### ACTIVITY
Your answer should hold exactly the lines below from the line with "大塔に祀られている仏。インドらしく仏にはマリーゴールドが掛かっている。" through the line with "Hendrik Valkenburg kunstwerk", both included, and no pictures at all.

### RECORDS FOR THE EXERCISE
***

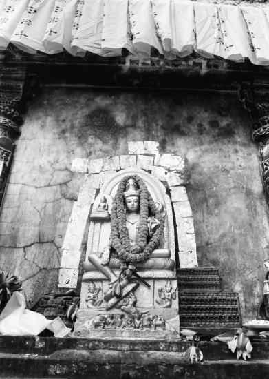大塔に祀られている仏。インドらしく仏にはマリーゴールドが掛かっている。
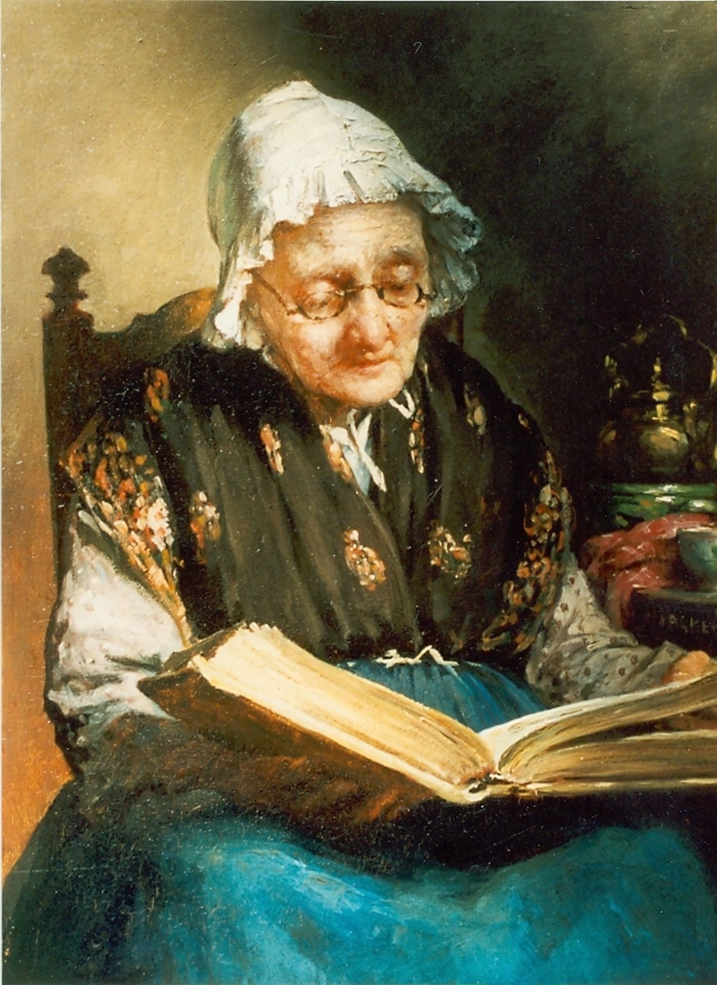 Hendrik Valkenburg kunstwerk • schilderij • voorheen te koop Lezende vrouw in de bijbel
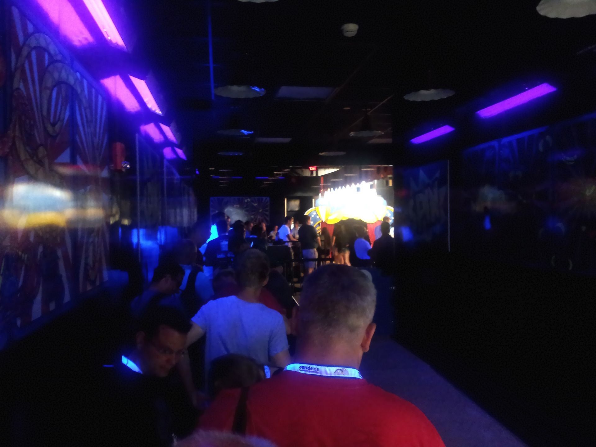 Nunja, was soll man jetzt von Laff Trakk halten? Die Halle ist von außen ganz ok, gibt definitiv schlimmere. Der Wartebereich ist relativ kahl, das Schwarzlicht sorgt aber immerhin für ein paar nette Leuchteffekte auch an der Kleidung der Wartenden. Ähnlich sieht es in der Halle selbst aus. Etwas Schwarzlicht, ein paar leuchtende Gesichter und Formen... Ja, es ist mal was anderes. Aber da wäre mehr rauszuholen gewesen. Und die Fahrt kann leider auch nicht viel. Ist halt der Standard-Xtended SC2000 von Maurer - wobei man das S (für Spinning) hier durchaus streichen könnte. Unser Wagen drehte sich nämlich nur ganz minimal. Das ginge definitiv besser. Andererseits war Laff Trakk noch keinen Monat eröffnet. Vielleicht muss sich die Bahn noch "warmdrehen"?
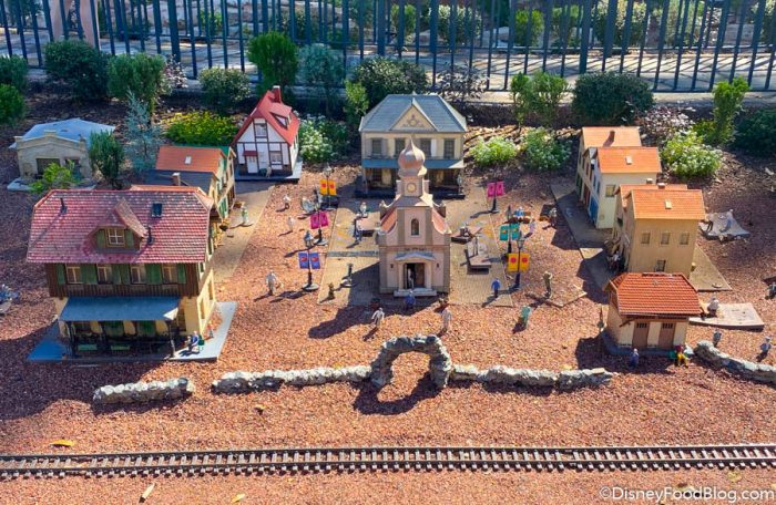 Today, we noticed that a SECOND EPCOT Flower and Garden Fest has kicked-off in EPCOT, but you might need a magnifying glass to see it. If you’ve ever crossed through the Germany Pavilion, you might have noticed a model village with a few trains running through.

***

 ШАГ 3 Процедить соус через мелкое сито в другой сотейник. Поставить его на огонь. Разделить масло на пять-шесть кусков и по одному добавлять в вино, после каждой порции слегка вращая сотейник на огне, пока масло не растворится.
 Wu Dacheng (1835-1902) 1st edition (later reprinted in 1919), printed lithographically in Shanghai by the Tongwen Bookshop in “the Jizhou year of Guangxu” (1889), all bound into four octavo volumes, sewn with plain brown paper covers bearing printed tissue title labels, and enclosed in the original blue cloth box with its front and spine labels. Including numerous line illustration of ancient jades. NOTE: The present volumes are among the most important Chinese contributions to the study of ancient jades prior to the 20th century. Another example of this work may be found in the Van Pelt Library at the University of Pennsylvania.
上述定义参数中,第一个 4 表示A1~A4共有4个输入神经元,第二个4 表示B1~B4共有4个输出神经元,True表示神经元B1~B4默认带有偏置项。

***

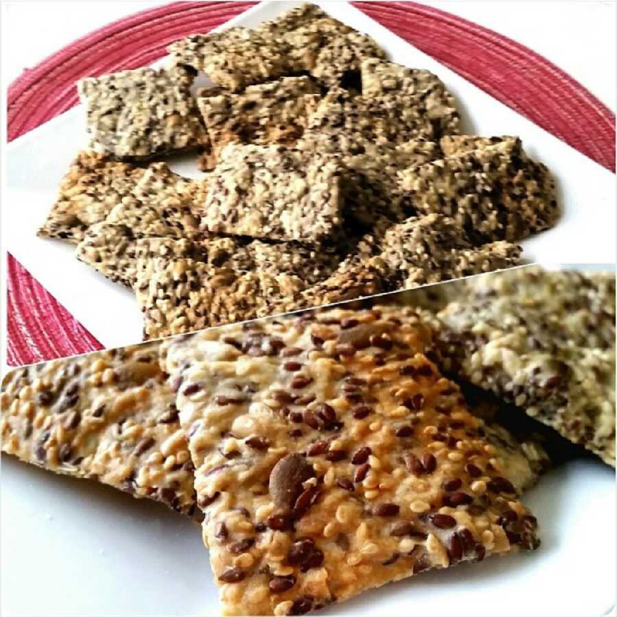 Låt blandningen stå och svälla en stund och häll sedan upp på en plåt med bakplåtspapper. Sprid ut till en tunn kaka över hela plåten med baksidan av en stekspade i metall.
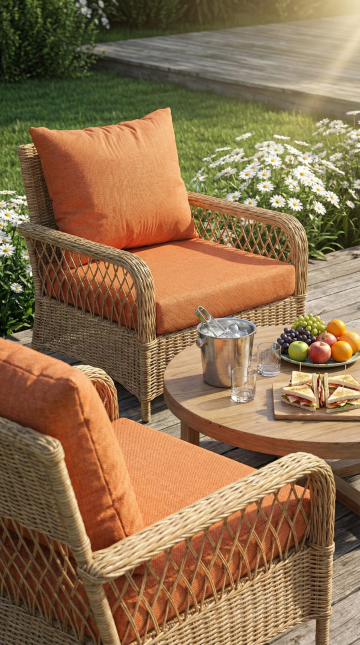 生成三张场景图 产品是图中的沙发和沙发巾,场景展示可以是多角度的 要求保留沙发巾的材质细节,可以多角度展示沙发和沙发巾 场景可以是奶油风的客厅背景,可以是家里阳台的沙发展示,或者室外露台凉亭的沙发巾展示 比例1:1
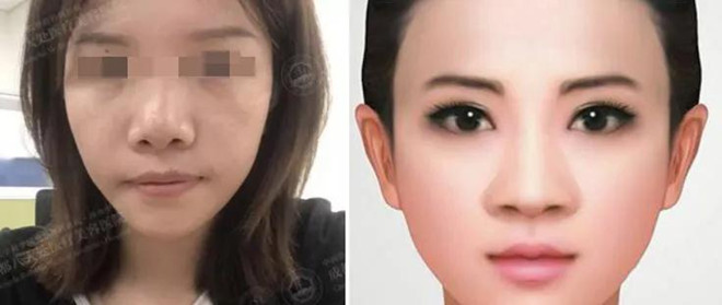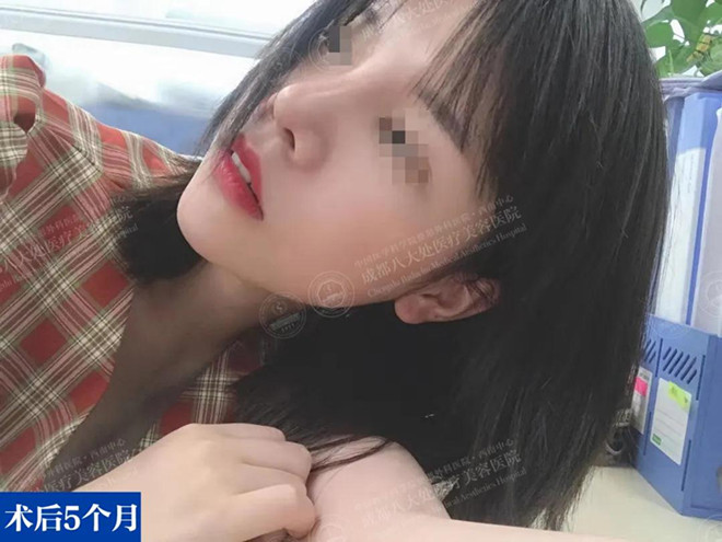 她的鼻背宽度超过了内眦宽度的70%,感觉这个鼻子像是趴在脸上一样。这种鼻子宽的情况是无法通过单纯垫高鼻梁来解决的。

***

### OUTPUT
大塔に祀られている仏。インドらしく仏にはマリーゴールドが掛かっている。
 Hendrik Valkenburg kunstwerk • schilderij • voorheen te koop Lezende vrouw in de bijbel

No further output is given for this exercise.